Using Mashy’s coordinates and a GPS device, Tyson was able to get within two miles of her location, only to find the last stretch blocked by a locked gate. It was just after noon and already 110 degrees when Mashy decided she would walk the distance, leaving her glider behind. Tyson begged her for permission to call the sheriff first for help with the gate, but Mashy, already delirious from the heat, refused. “I’ve walked out of a lot of situations,” Mashy explained later. “To call the sheriff, somebody needs to be dying.” 

As she trekked through the desert landscape, winding through sagebrush and mesquite, she began to feel weak.

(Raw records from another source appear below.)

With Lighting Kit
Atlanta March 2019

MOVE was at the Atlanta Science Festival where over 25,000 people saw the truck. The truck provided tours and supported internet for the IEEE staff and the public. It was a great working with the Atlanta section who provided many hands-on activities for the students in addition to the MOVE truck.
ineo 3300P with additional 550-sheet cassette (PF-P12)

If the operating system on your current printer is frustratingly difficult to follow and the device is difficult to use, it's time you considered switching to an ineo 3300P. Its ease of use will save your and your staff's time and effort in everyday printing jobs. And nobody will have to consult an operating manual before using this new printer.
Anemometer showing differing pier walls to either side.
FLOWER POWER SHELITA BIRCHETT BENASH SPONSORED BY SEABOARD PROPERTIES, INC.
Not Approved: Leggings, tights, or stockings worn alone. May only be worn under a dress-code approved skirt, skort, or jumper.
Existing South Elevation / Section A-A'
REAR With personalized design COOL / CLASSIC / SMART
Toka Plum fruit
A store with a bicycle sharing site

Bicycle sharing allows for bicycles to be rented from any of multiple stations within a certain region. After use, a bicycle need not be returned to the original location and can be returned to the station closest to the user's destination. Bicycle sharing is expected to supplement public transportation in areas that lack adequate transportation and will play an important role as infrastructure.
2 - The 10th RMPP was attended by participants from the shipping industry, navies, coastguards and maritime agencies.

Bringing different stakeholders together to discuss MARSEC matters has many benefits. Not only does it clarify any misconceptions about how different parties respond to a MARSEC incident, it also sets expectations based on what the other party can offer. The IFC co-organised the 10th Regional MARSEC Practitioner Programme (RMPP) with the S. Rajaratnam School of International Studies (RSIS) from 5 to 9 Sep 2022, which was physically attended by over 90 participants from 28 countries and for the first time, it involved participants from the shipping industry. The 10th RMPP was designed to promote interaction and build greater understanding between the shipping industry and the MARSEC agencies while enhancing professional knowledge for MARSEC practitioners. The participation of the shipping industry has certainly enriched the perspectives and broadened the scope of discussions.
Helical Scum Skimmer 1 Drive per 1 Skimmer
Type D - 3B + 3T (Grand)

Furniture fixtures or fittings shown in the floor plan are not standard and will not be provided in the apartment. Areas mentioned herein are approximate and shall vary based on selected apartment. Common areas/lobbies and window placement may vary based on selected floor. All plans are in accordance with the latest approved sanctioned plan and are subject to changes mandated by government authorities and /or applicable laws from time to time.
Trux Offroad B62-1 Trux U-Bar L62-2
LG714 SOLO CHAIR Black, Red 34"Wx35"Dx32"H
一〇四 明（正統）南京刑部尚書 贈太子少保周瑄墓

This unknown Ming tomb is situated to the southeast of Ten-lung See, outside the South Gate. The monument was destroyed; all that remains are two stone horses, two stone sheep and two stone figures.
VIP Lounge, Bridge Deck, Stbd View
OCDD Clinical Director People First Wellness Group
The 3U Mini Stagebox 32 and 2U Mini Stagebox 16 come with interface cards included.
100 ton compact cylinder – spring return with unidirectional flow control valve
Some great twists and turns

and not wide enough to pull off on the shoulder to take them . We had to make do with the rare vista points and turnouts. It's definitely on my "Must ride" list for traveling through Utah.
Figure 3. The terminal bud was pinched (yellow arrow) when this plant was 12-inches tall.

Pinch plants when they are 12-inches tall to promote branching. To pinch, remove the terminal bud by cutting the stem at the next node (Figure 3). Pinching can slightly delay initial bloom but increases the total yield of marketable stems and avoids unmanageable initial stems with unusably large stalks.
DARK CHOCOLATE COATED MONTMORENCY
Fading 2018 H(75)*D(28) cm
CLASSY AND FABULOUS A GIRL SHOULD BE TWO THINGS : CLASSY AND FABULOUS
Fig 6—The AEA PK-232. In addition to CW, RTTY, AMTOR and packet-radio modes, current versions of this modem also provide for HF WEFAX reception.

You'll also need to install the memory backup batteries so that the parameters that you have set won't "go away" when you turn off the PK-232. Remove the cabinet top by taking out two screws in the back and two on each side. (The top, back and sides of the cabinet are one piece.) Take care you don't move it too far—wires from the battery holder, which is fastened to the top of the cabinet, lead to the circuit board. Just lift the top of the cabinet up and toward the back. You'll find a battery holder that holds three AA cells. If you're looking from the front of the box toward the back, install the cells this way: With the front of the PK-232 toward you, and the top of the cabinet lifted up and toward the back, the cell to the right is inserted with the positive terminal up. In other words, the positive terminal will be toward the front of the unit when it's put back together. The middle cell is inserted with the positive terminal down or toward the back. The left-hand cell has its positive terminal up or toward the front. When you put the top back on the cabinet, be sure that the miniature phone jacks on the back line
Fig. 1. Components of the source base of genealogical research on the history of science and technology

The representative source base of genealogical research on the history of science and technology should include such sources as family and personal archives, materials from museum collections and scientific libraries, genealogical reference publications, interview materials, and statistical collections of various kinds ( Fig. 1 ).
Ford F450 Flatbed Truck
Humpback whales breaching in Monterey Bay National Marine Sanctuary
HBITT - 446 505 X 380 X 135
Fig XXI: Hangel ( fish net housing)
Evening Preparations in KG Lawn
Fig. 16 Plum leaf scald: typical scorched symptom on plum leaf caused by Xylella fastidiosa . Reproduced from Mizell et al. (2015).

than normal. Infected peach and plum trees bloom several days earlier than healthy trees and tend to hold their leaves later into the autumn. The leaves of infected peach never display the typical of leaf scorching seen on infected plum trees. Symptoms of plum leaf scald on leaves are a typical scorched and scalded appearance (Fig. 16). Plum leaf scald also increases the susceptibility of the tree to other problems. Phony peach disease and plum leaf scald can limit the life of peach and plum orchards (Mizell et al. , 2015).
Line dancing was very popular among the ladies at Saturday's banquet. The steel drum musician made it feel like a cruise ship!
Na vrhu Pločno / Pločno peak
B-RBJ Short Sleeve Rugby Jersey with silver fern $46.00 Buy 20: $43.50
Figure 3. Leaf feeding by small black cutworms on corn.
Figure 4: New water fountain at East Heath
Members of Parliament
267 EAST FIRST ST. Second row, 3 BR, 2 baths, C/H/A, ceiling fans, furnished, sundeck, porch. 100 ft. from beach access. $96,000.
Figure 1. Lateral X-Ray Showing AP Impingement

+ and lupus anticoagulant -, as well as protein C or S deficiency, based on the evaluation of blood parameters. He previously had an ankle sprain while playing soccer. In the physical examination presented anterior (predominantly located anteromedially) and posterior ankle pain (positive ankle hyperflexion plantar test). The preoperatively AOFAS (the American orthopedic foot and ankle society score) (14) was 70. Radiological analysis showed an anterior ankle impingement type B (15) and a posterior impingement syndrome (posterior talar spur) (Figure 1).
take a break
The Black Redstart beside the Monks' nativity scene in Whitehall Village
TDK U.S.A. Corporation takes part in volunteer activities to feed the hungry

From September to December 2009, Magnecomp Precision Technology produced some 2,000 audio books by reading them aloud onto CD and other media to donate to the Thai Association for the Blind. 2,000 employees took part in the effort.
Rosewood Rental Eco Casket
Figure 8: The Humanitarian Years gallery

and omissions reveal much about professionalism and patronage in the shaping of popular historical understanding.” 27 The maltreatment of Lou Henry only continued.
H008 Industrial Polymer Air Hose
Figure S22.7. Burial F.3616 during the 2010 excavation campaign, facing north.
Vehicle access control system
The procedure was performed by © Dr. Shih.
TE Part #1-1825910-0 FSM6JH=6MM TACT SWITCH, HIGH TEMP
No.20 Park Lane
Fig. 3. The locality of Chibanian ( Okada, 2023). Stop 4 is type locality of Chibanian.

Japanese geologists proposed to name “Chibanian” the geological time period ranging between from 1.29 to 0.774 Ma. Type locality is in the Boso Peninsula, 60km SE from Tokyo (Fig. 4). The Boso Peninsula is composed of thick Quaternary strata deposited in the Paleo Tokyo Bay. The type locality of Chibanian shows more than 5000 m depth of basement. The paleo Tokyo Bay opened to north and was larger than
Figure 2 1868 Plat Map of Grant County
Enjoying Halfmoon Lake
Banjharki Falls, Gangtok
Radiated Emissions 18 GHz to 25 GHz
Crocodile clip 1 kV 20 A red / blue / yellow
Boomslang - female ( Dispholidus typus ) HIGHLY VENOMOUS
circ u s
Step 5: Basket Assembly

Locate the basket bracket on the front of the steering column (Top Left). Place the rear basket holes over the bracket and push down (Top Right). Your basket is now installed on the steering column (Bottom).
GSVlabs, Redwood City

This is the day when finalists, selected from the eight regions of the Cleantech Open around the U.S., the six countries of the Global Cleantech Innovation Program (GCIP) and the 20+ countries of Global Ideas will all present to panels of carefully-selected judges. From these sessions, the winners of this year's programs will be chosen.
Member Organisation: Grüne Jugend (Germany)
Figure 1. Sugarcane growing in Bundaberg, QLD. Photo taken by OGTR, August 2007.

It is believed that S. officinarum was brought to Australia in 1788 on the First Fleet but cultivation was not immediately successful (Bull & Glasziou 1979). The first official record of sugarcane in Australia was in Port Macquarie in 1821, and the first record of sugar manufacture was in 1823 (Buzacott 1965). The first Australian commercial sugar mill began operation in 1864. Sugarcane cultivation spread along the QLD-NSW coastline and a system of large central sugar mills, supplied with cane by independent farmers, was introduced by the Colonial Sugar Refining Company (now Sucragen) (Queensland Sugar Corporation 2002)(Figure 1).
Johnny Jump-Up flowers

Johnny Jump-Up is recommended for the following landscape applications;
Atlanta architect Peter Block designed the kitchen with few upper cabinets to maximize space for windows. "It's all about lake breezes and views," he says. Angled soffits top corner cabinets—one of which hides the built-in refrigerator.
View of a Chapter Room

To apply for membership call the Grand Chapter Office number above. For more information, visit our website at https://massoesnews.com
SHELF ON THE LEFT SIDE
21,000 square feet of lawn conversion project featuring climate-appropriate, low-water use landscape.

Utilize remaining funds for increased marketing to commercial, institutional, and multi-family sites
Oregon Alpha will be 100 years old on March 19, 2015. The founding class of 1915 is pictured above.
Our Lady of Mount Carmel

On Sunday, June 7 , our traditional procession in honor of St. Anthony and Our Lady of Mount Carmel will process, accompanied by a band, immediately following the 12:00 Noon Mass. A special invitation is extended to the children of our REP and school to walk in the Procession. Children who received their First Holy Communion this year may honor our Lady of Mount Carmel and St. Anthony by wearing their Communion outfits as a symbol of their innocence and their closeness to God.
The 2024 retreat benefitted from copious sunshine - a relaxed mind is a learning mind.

Her radio batteries died, and she was no longer sweating as heatstroke set in. At one point, her water bottle hose got snagged on a bush, and all her water leaked out. Mashy wanted to cry, “but I couldn’t generate any tears,” she recalled.

Then came a lucky break: Tyson discovered her truck had a flat tire. Now she had to call the sheriff for help. Meanwhile, disoriented and upset, Mashy used her cellphone to call a hang-gliding friend in Florida and have a rambling, disjointed conversation. “I wanted to hear a friendly voice,” Mashy said. “I wanted to say goodbye to someone.” The friend immediately called Straub, who was now in a supermarket in Laredo. “What the hell y’all doing to Tiki down there?” he remembers her saying. “She says she’s stuck in the desert, and she’s not making any sense!”  

Straub sprang into action, calling Tyson and coordinating with the sheriff’s office. By now it was after five o’clock, and Mashy had been wandering the desert for at least five hours. The sheriff’s office got a spotter plane in the air to assist with the search. Zapata County is well-known as an immigrant graveyard, as many border crossers perish there every year trying to traverse the desert to San Antonio, and the pilot had experience finding bodies lying out among the cactus and mesquite.  

Mashy was stretched out on a gravel road, unconscious, when the pilot caught sight of her. “I just closed my eyes, and I didn’t feel the pain anymore,” Mashy said. “The golden light through my eyelids was warm and pleasant. I didn’t want to leave.” The sheriff’s team quickly cut through a set of gates to retrieve her, rousing her to give her water. 

The next day a rancher discovered the body of a Mexican man in the same area where Mashy had been found. “In thirty-five years of hang gliding, I’ve never been so scared,” Mashy recalled. “I’ll never fly at Zapata again.”